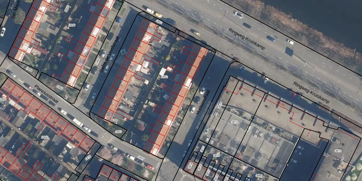Het perceel waarop Hudsonstraat 14 staat heeft een oppervlakte van 3045 m². Dit is een zeer groot perceel. De perceeloppervlakte wordt geregistreerd door het Kadaster. Gedetailleerde informatie over de maten van dit perceel kunt u vinden in het rapport Kadastrale kaart met maatvoering van Hudsonstraat 14.
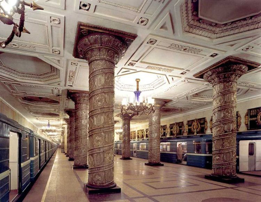 Наоборот!!! Сначала был коструктивизм. То, что здесь - это сталинский ампир. А уж потом началась "борьба с украшательством в архитектуре" и стали появляться безликие коробки и "стекляшки", т.е. функционализм, он же - т.н. "международный стиль" (основатель - архитектор Мисс ван дер Рое). Не плюй в прошлое, иначе будущее плюнет в тебя.
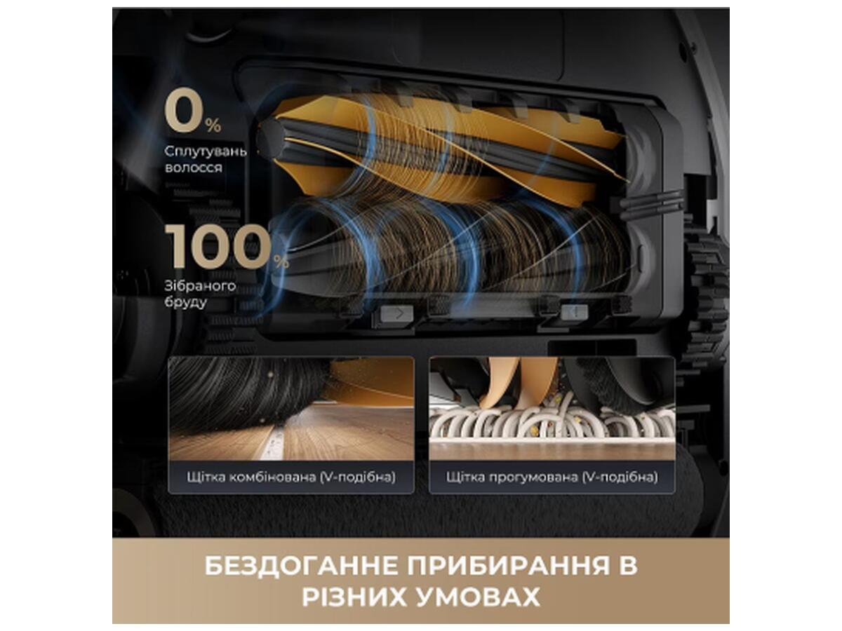 Двойная щетка вместе с боковой щеткой адаптируется к различным напольным покрытиям и коврам, эффективно убирая грязь и волосы, не путая их и обеспечивая высокий уровень очистки.
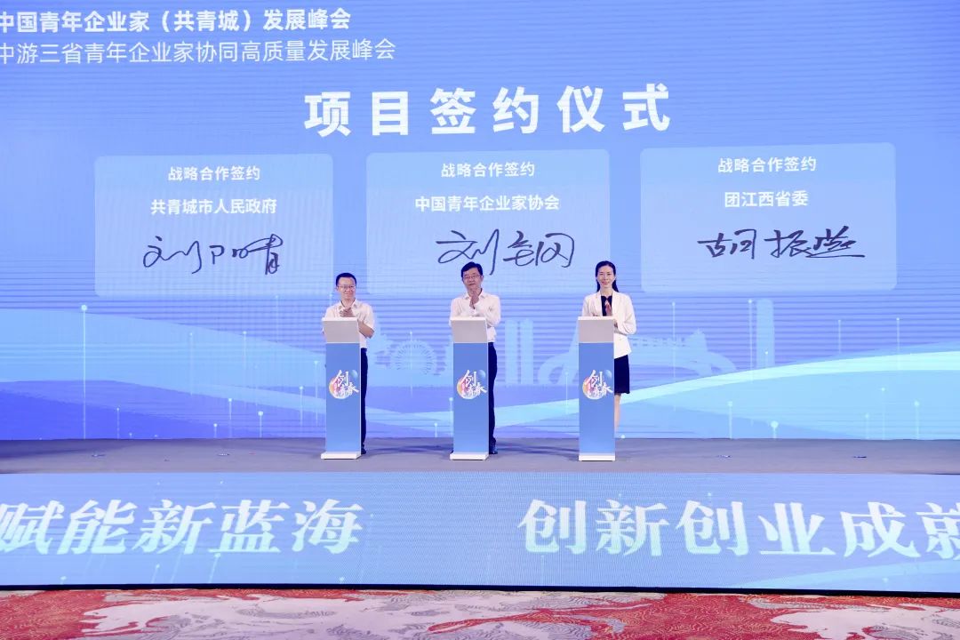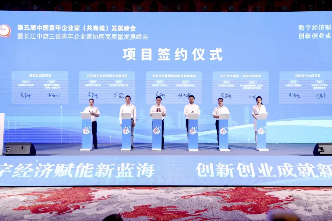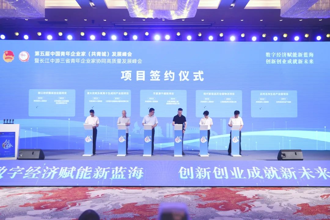 8月23日,第五届中国青年企业家(共青城)发展峰会暨长江中游三省青年企业家协同高质量发展峰会举行。中国工程院院士谢明勇、中国青年企业家协会常务副会长许华平、中国青年创业就业基金会秘书长王晓辉,共青城市委书记卢治轩,共青城市委副书记、市长刘阳青出席。
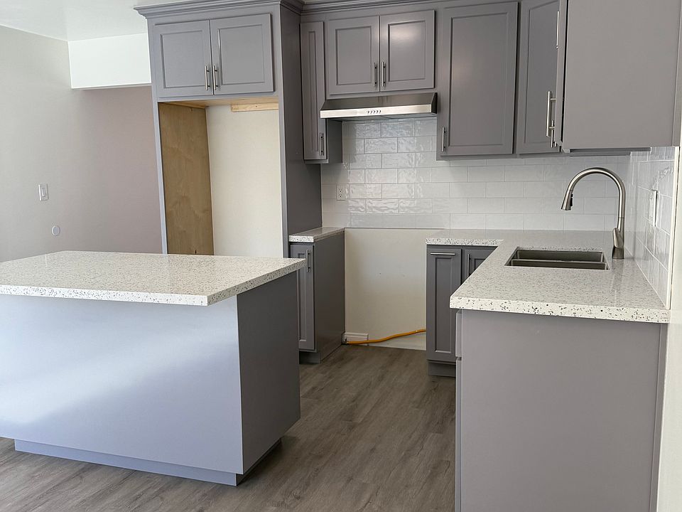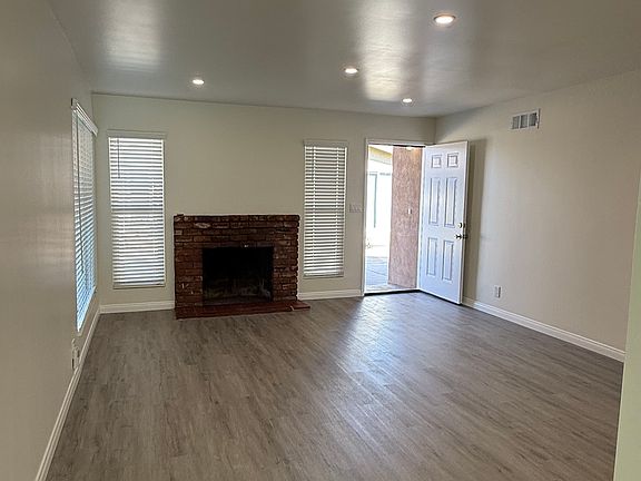 Kitchen, quartz countertops, dining room, living room, fireplace, two (2) bathrooms, one (1) bathroom, back patio, laundry room with hook-ups, one-car garage & one space behind the garage, and Central air and heater. Fully Renovated with a new kitchen and quartz countertops, paint, recessed lighting, window blinds, laminated flooring and baseboards, bathroom, closets, and many more upgrades!
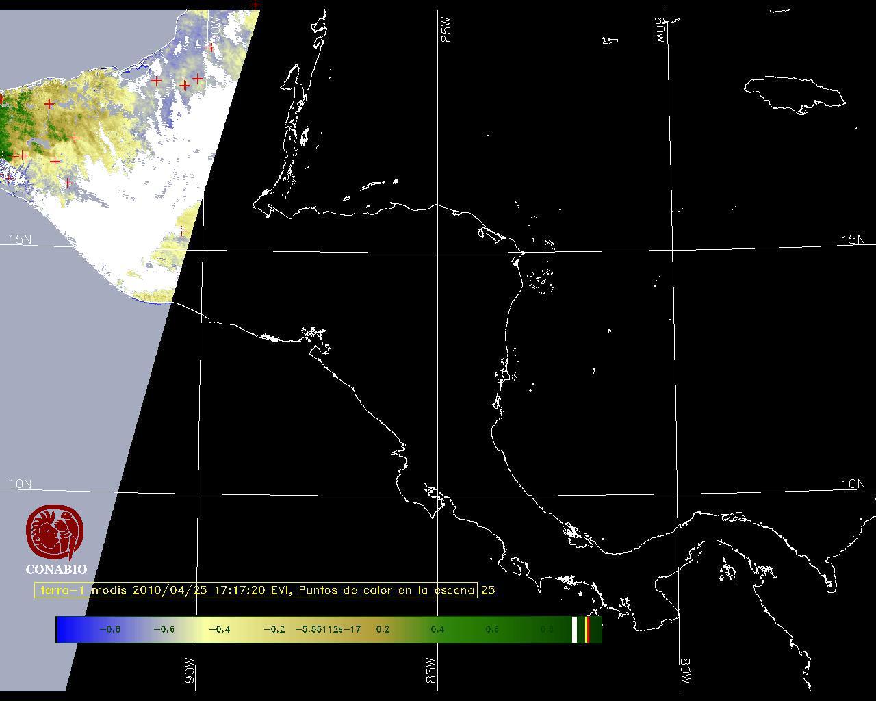 Se considera como punto de calor al elemento espacial mínimo de la imagen (pixel) que reporta una temperatura elevada. Para las imágenes diurnas la temperatura mínima considera es de 42C y para las imágenes nocturnas es de 25C. |

EXERCISE REQUIREMENTS
The expected result is the complete listing above, printed exactly, with no pictures.

RESPONSE
Het perceel waarop Hudsonstraat 14 staat heeft een oppervlakte van 3045 m². Dit is een zeer groot perceel. De perceeloppervlakte wordt geregistreerd door het Kadaster. Gedetailleerde informatie over de maten van dit perceel kunt u vinden in het rapport Kadastrale kaart met maatvoering van Hudsonstraat 14.
 Наоборот!!! Сначала был коструктивизм. То, что здесь - это сталинский ампир. А уж потом началась "борьба с украшательством в архитектуре" и стали появляться безликие коробки и "стекляшки", т.е. функционализм, он же - т.н. "международный стиль" (основатель - архитектор Мисс ван дер Рое). Не плюй в прошлое, иначе будущее плюнет в тебя.
 Двойная щетка вместе с боковой щеткой адаптируется к различным напольным покрытиям и коврам, эффективно убирая грязь и волосы, не путая их и обеспечивая высокий уровень очистки.
 8月23日,第五届中国青年企业家(共青城)发展峰会暨长江中游三省青年企业家协同高质量发展峰会举行。中国工程院院士谢明勇、中国青年企业家协会常务副会长许华平、中国青年创业就业基金会秘书长王晓辉,共青城市委书记卢治轩,共青城市委副书记、市长刘阳青出席。
 Kitchen, quartz countertops, dining room, living room, fireplace, two (2) bathrooms, one (1) bathroom, back patio, laundry room with hook-ups, one-car garage & one space behind the garage, and Central air and heater. Fully Renovated with a new kitchen and quartz countertops, paint, recessed lighting, window blinds, laminated flooring and baseboards, bathroom, closets, and many more upgrades!
 Se considera como punto de calor al elemento espacial mínimo de la imagen (pixel) que reporta una temperatura elevada. Para las imágenes diurnas la temperatura mínima considera es de 42C y para las imágenes nocturnas es de 25C. |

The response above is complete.